Site Hacked...

[LP]

What site the hack was referring to?
And was there any info that could be used to determine who did this?
(Did you check log files?)

[sardaukar]

I repeative hack attemps on my site from russian idiots. problem was they kept comming back. It ended when i put ipcheck/domaincheck on privledged accounts and put both email validation AND manual validation on registrations . . . . .

especially the proteciton of privledged accounts have prooved nice, as it hindered re-use of passwords as my hacker 'friends' (russian nutcases) did alot after hacking sites in same community sphear previously.

I have also found IPB to be safer than PHPBB..

[savage]

The site that all the pages were being redirected to was...

http://secretlyx[dot]sitemynet[dot]com/hacked[dot]htm

I removed the dots(.) so that it was not a working link.

[Robert Kosek]

I found IPB to be safer in general, but a bit of a pain if you can't afford it and are stuck with the free version. I just found mybb by accident a week ago, but I've found it to be excellent.

[Robert Kosek]

Just noticed but the main news forum, this one, is titled "fix for hack". You might wanna fix that.

[LP]

This is slightly off-topic, but...

But PHP is simply CRAP. 90% of the PHP forums and other "dynamic" content pages are vulnerable either to XSS or SQL injection(which is what this page was hacked with). It's simply because PHP itself isn't exactly safe and also because most PHP programmers are script kiddies with no proper knowlidge.

What do you consider "safer" then, Perl? CGI? In fact, what kind language is safer? If you can write a virus in Pascal, then it's not a safe language and "is simply CRAP"?

Although I think "beign unsafe PHP" has nothing to do with it, the whole concept of adding "mods" and "hacks" to forum software is rather flawed. You can't easily update the forum software if many mods/hacks are used and it's also open it to vulnerabilities. This is the reason why on Afterwarp site we haven't done any "hacks" to the forum (and our front page is now empty ops.

P.S. Followed by PGD hack event, I finally got myself motivated to upgrade forum software on afterwarp.com [size=9px][it's powered by vBulletin, but still...][/size]

[savage]

Just noticed but the main news forum, this one, is titled "fix for hack". You might wanna fix that.

Thanks for that, forgot about it. I named it "Main" for now as I can't remember what the heading was originally.

[Gadget]

I really don't understand why they do this, especially to sites like this? Maybe they don't like Delphi?

We got hacked a while back, also on PHPBB, you need to be using the latest version! And upgrade EVERY time a new release hits!

Trust me, where forums are concerned they will get hacked if there's a hole. I think people spent time looking for forums to hack, to prove they can do it, or to understand the process. Typically, people like that will use a search engine to start with, to find a site running version X of whatever forum software.

As suggested above, remove the version number from the display as well =D

[Gadget]

Just a quick question that I am sure other people are concerned about...

The nature of the hack, what did it expose?
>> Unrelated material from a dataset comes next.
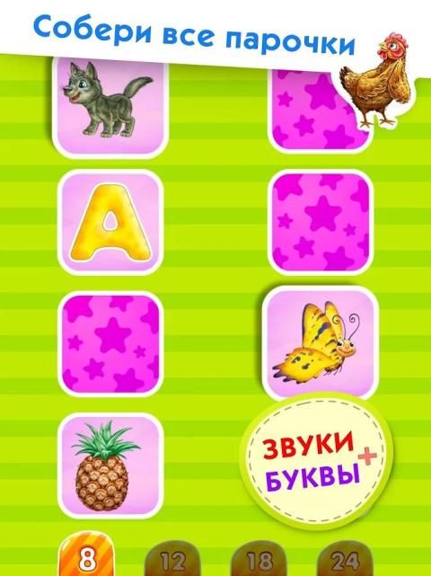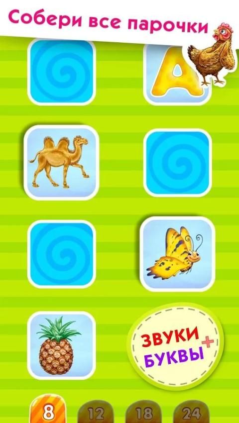 Permainan memiliki 4 jenis dan beberapa tingkat kesulitan: Pilih surat - Anda perlu menemukan dan menyerahkan dua kartu dengan huruf yang sama. Kumpulkan surat - Anda perlu menemukan dan flip kartu dengan huruf dan sesuai kartu dengan rincian surat yang sama. Cari gambar - Anda perlu menemukan dan flip kartu dengan huruf dan sesuai kartu dengan gambar surat itu. Membaca kata-kata - Anda perlu menemukan dan flip kartu dengan gambar dan kartu dengan gambar dari kata yang sesuai.

Was this purely a redirection / admin hack, did they have access to our email addresses and passwords?

[savage]

Firstly all passwords are encrypted on our site, so even I would not be able to tell you what it was if you did not remember it.

All that appears to have been done is the amending of 2 phpbb tables, which caused Javascript redirection scripts to be inserted into certain fields and setting the phpbb to "unavailable". I corrected the 2 phpbb tables and made the site "available" again and everything is back to normal.

It's a known vunerablity in this version of phpbb, but as mentioned earlier, we cannot address the upgrade untill WILL gets back.